I figured I would give this recipe a shot anyway.







Ingredients.
 

Cream Cheese
Ricotta cheese
Confectioners Sugar
Raisins
Chocolate Morsels
Jalapeno Peppers
Bacon
Toothpicks

I know by the list of ingredients you're probably getting ready to move along, but continue reading it's worth it.












I started with a basic filling of equal parts Confectioners Sugar, cream cheese and ricotta cheese.







Folded in the three, it helps to soften the cream cheese a bit.

 

Then the filling was cut into three parts.
50% plain
25% raisins
25% Chocolate morsels









 























Everything was mixed and placed in the refrigerator.






 










Jalapenos were sliced and the seeds were removed as well as much of the vein as possible, I was trying to minimize the heat as much as possible.







 

Jalapenos were filled with the three different fillings. I will usually try several variations of a recipe to see what the results are, sometimes the outcome is favorable, sometimes not and sometimes an off shoot recipe will come of it.
I strongly suggest tweaking, modifying and thinking outside the box when working on a recipe.


















Wrapped in Bacon and ready for the smoker. I try not to use toothpicks when making ABT's the bacon will stick to itself just fine.








ABT's are place on a pan, slit side up and placed in the smoker.














 

After an hour, the ABT's are transferred to the cooking grate.







 


After 3 hours on the smoker, they are removed and allowed to cool.








Results are in.
I only got to make a few of the chocolate Cannoli ABT'S , Stephen and I liked the mix so much we ate most of it.


Out of the three, the raisin Cannoli Abt's were the best, the raisins added texture as well as a bit of flavor.
The plain ABT's were really good and better cold.
The chocolate ABT's were OK
All three had a great little mouth warming effect, not a burn followed by the sweetness, your mouth stayed warm from the casein but it wasn't hot.
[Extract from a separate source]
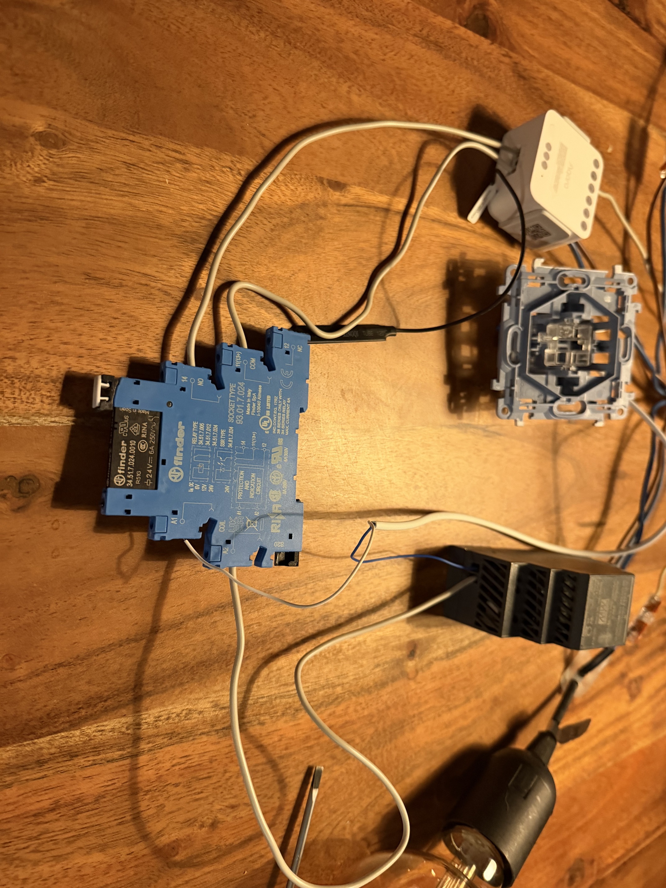 Coś takiego chcę wrzucić ( zasilacz + przekaźnik FINDER Coupling relay with screw terminals, 1 CO, 6 A, 24 V AC/DC | Coupling relays at very favourable prices | reichelt elektronik - Aqara T2 wejascia S1-COM )

Serving Suggestion: Refrigerate till firm, remove and halve, flatten the bottom by trimming and serve room temperature.The best part of trimming these up is there's a lot of pickings for the chef!
I suggest serving these at room temperature as well, they are also good cold
I would not serve these hot.

Time for a picture overload.


----------



## chef jimmyj (Jul 2, 2012)

First reaction was, Whoa Too Sweet!...But...Considering the current trend toward Sweet "anything" topped with Bacon...These are Genious! I would have guessed the Chocolate would work well with the Jalapeno, the whole Chocolate/Chile thing. But I completely understand the Raisin one being the best. Sweet dried fruits with Heat and Meat is common fair in North Africa and through out the Mediterranean. Very Creative!...JJ


----------



## sqwib (Jul 3, 2012)

Thanks Chefjimmy.

They are sweet but not to sweet, the heat and sweet do play nice together.
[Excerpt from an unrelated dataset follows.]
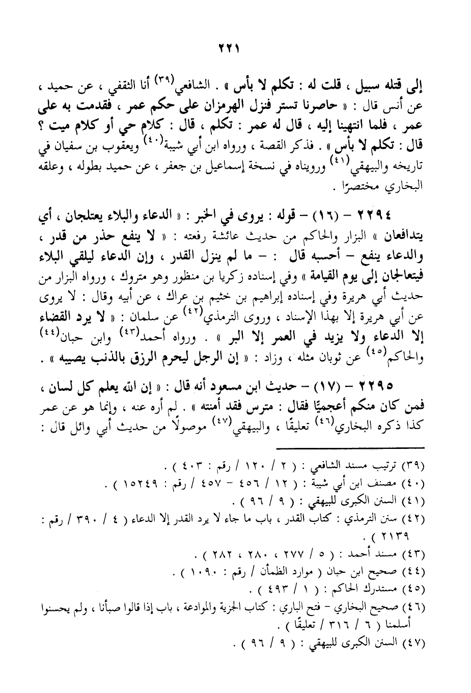 2294 - (16) - قَوْلُهُ: يُرْوَى فِي الْخَبَرِ: «الدُّعَاءُ وَالْبَلَاءُ يَعْتَلِجَانِ، أَيْ يَتَدَافَعَانِ» الْبَزَّارُ وَالْحَاكِمُ مِنْ حَدِيثِ عَائِشَةَ رَفَعَتْهُ: «لَا يَنْفَعُ حَذَرٌ مِنْ قَدْرٍ، وَالدُّعَاءُ يَنْفَعُ - أَحْسَبُهُ قَالَ: - مَا لَمْ يَنْزِلْ الْقَدْرُ، وَإِنَّ الدُّعَاءَ لِيَلْقَى الْبَلَاءَ فَيَتَعَالَجَانِ إلَى يَوْمِ الْقِيَامَةِ» وَفِي إسْنَادِهِ زَكَرِيَّا بْنُ مَنْظُورٍ وَهُوَ مَتْرُوكٌ، وَرَوَاهُ الْبَزَّارُ مِنْ حَدِيثِ أَبِي هُرَيْرَةَ وَفِي إسْنَادِهِ إبْرَاهِيمُ بْنُ خُثَيْمِ بْنِ عِرَاكٍ، عَنْ أَبِيهِ وَقَالَ: لَا يُرْوَى عَنْ أَبِي هُرَيْرَةَ إلَّا بِهَذَا الْإِسْنَادِ، وَرَوَى التِّرْمِذِيُّ عَنْ سَلْمَانَ: «لَا يَرُدُّ الْقَضَاءَ إلَّا الدُّعَاءُ وَلَا يَزِيدُ فِي الْعُمْرِ إلَّا الْبِرُّ» . وَرَوَاهُ أَحْمَدُ وَابْنُ حِبَّانَ وَالْحَاكِمُ عَنْ ثَوْبَانَ مِثْلَهُ، وَزَادَ: «إنَّ الرَّجُلَ لَيُحْرَمُ الرِّزْقَ بِالذَّنْبِ يُصِيبُهُ» .

The only folks that will try a recipe like this is someone willing to think outside the box. Most people who think of ABT's or Jalapenos focus on heat or savory, well why not sweet?

These are tasty little treats at room temperature and not too rich.
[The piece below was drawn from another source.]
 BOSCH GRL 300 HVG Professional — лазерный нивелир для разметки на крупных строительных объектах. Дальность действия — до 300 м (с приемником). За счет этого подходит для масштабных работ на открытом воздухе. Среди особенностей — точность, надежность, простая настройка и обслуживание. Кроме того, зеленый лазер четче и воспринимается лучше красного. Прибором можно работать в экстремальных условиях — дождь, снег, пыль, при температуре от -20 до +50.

Just like Pulled pork most folks stick with your traditional PP.

I have played around with PP in various ways with great results.

Buffalo Wing style PP

Philly Style PP

Jack Daniels/ Bacon PP

Porchetta PP

So how are they treating you as a moderator?


----------



## scarbelly (Jul 3, 2012)

Man those are awesome - I am with JJ and thought the chocolate ones would have been a big hit.


----------



## gotarace (Jul 4, 2012)

Squib those look awesome...great idea!!! Seeing the raisins were the hit of the trio...maybe next time try some Jack Daniels {or you favorite alcohol flavor..spiced run etc...} soaked raisins in a few. Thank for sharing another awesome Q-View with us.


----------



## sqwib (Feb 12, 2013)

Almost finished fixing my website it's taking several months rebuilding everything, so now I am SLOWLY fixing all of my posts on SMF.


----------



## smokinhusker (Feb 12, 2013)

I'm impressed at the presentation and the idea of "thinking outside the box"! Kudos! They look awesome and I would give them a taste for sure!


----------



## pgsmoker64 (Feb 12, 2013)

Great idea!  I love the mixture of sweet and savory - add a little heat, even better.

Bill


----------